■ DATASET SECTION:
<<<<

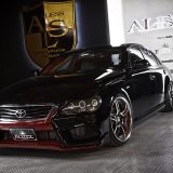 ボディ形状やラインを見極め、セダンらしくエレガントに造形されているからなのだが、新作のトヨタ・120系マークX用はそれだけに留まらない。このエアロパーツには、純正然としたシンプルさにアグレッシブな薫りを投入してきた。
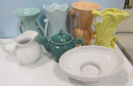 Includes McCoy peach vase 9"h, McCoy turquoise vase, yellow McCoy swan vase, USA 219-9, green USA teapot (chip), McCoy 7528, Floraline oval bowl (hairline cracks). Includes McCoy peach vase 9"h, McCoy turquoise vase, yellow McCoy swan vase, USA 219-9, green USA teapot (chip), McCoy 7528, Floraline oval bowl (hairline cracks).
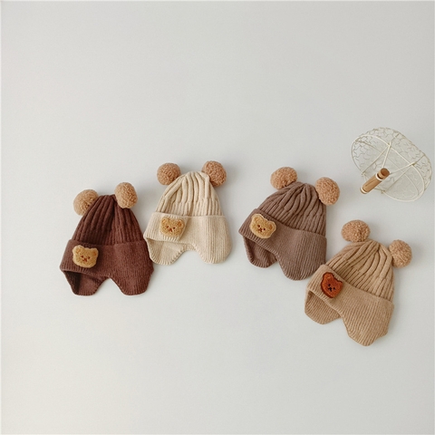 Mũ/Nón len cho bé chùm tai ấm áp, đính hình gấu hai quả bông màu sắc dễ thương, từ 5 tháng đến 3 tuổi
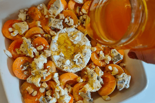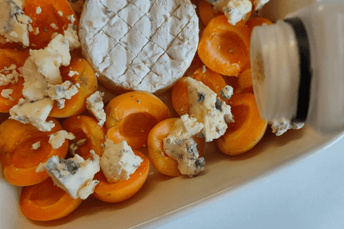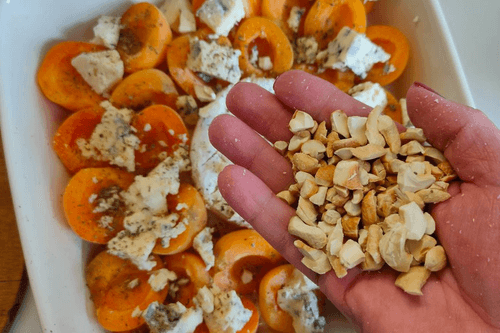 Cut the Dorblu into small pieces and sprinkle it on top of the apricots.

>>>>

■ PROBLEM TO SOLVE: An exact copy of the material above is required, minus its images.

■ WRITTEN ANSWER:
 ボディ形状やラインを見極め、セダンらしくエレガントに造形されているからなのだが、新作のトヨタ・120系マークX用はそれだけに留まらない。このエアロパーツには、純正然としたシンプルさにアグレッシブな薫りを投入してきた。
 Includes McCoy peach vase 9"h, McCoy turquoise vase, yellow McCoy swan vase, USA 219-9, green USA teapot (chip), McCoy 7528, Floraline oval bowl (hairline cracks). Includes McCoy peach vase 9"h, McCoy turquoise vase, yellow McCoy swan vase, USA 219-9, green USA teapot (chip), McCoy 7528, Floraline oval bowl (hairline cracks).
 Mũ/Nón len cho bé chùm tai ấm áp, đính hình gấu hai quả bông màu sắc dễ thương, từ 5 tháng đến 3 tuổi
 Cut the Dorblu into small pieces and sprinkle it on top of the apricots.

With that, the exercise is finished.